Es palpable el paralelismo entre la piedra que dio la victoria a David y la imagen de Dios como roca. En este combate el hombre pone la honda, lo que somos en nuestra debilidad; pero lo que nos hace vencer el mal es la roca de la que somos poseedores; es lo que hace David. Salió de las filas muerto de miedo, pero también con toda su confianza puesta en Yahvé. Se arriesga en soledad porque sabe que su combate es el de Yahvé, y lo realiza a favor de su pueblo; y también para que, como hemos visto antes, todo el mundo sepa que hay un Dios en Israel.
Israel fue testigo de que el más pequeño del pueblo, reunido para la lucha, el que era despreciado porque ni siquiera llegaba a ser un guerrero, había recibido de Dios la fuerza y la audacia para manifestar portentosamente su salvación.
Respecto a lo poco importante que era David, escuchemos lo que le dijo Saúl cuando se ofreció a combatir contra Goliat: “No puedes ir contra ese filisteo para luchar con él, porque tú eres un niño y él es hombre de guerra desde su juventud” (1Sm 17,33). A pesar de las reticencias de Saúl, David salió a combatir.
El Pedro que salta de la barca hacia las embravecidas aguas, es sin duda el menos prudente de todos los apóstoles; realmente hace falta ser imprudente para tomar una decisión así. Si nos fijamos bien a lo largo del Evangelio, Pedro es el que siempre mete la pata. Cuando Jesucristo dice que va a ser juzgado y condenado por el sanedrín, todos se asustan pero se callan. Pedro no. Se acerca a Él e intenta disuadirle. Cuando, en la última cena, Jesús anuncia la inminencia de su Pasión, Pedro declara con rotundidad que está dispuesto a morir con Él… y le niega tres veces. No hay duda de que, siendo como eran todos débiles, Jesús amó de modo especial la impulsividad llena de nobleza de Pedro.
La figura de Pedro nos enseña que “los prudentes” nunca aceptarán el Evangelio, más bien lo adaptarán a su debilidad. Los imprudentes como Pedro, adaptan su debilidad a Dios y éste les reviste de su fortaleza.

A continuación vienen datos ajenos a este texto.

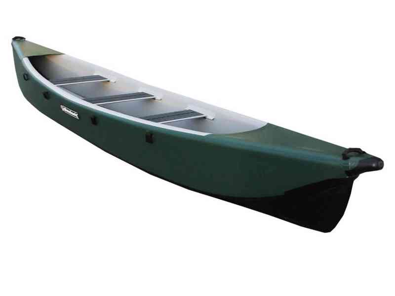 Senzačná konštrukcia z osvedčeného materiálu Trop-Stitch. Tuhosť je podobná plastovej kanoe, ale keď je kanoe vyfúknutá, môže sa zložiť a uložiť do kufra automobilu.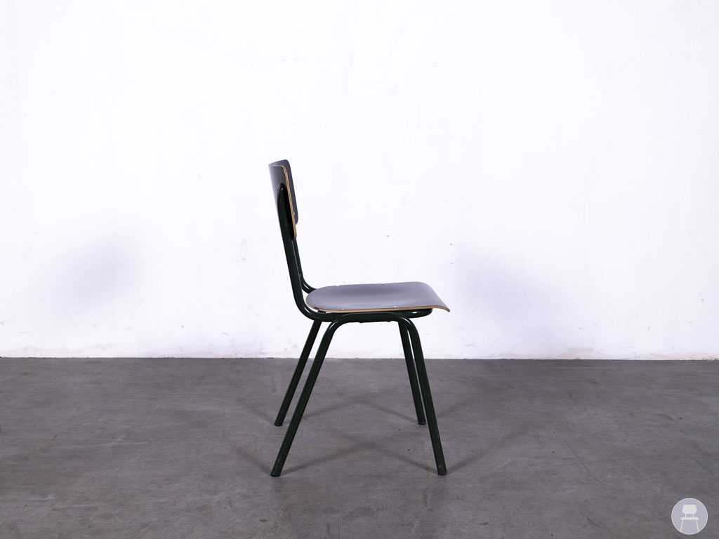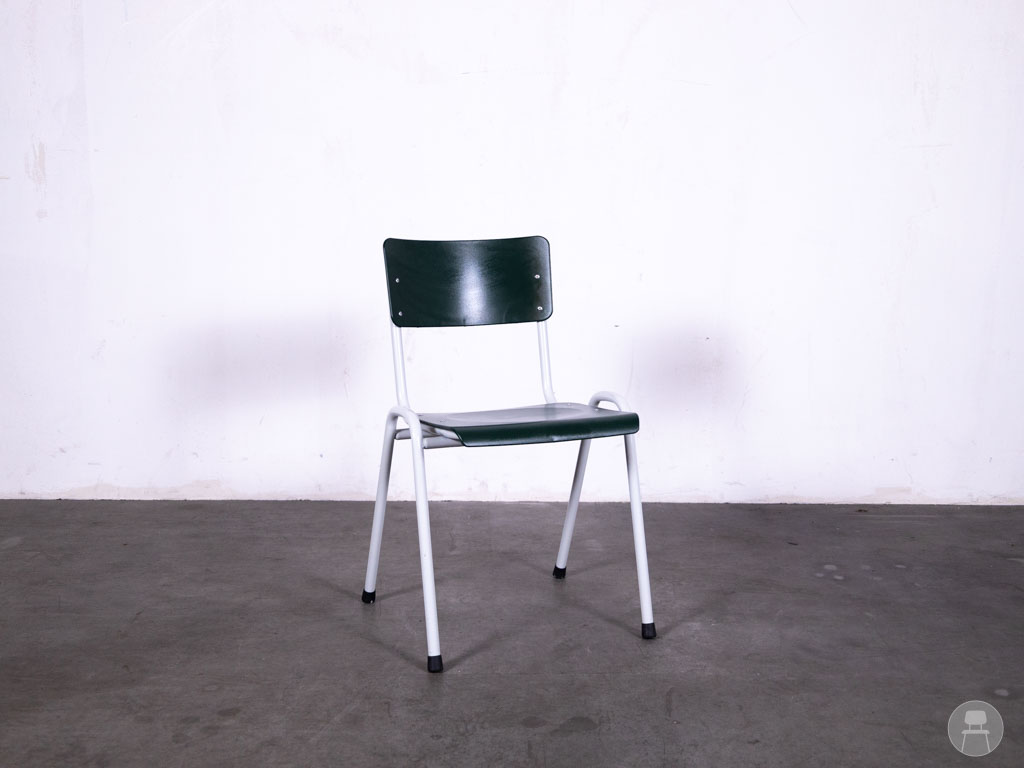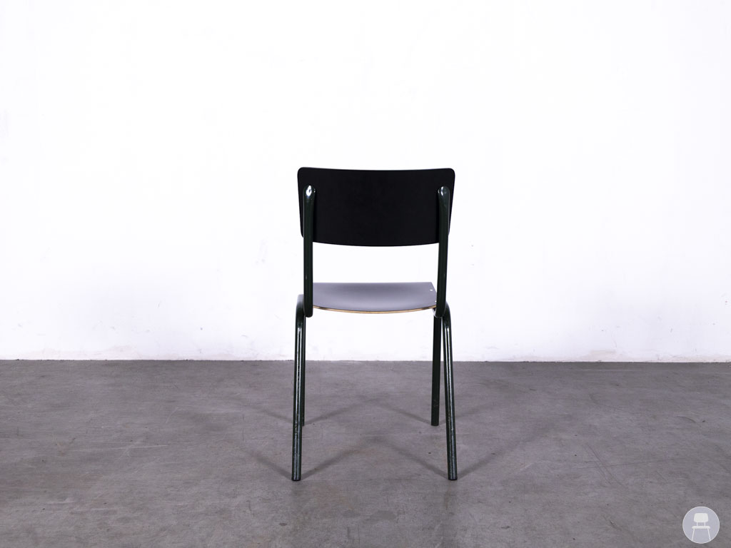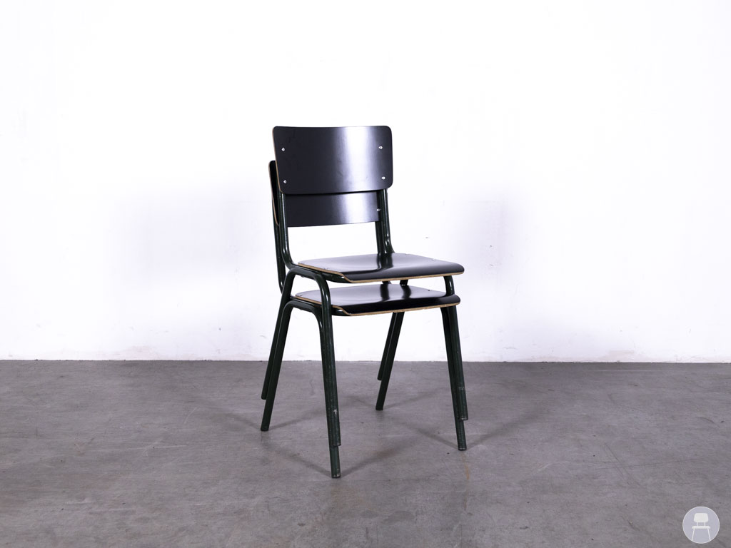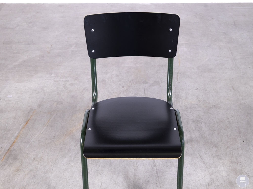 Schoolstoel Truus zwart-groen is een robuuste, praktische en karaktervolle stoel met een herkenbare vintage uitstraling. Het donkergroene metalen frame wordt gecombineerd met een zwart houten zitting en rugleuning, bevestigd met zichtbare metalen schroeven. Perfect voor een industriële of retro inrichting, of als functionele zitplek in een creatieve werkruimte of kantine. De schoolstoel is stapelbaar, dus handig op te bergen of te verplaatsen. Ideaal voor scholen, horeca, evenementen of thuisgebruik.

Los prudentes van al Evangelio con calculadora en la mano de cara a un cumplimiento a su medida, sin comprender que éste rebasa infinitamente el listón de su generosidad. Las figuras de David y Pedro son un toque de atención a todos aquellos que viven el cristianismo nadando y guardando la ropa con sus prudencias humanas.
Hablemos, pues, también de David “el imprudente”. Todos intentan disuadirle para que no se enfrente a un enemigo tan superior a él en todo. David no quiere saber nada de prudencias humanas y sale a combatir. David es un hombre de fe; su imprudencia a los ojos de los hombres se convirtió en prudencia a los ojos de Dios al rechazar las armas de aquellos y acogerse a las de Él.
No hay duda de que todos los santos, -Pablo, Benito, Francisco de Asís, Ignacio, etc.- fueron grandísimos imprudentes. De todas formas, nos remitimos a la autoridad de Jesús y acudimos al Evangelio para saber qué es lo que Él dice respecto a los prudentes. Seguimos el texto griego del evangelio de san Mateo, y en su traducción le oímos lo siguiente: “En aquel tiempo, tomando Jesús la palabra, dijo: Yo te bendigo, Padre, Señor del cielo y de la tierra, porque has ocultado estas cosas a los sabios y a los prudentes y se las has revelado a los pequeños” (Mt 11,25).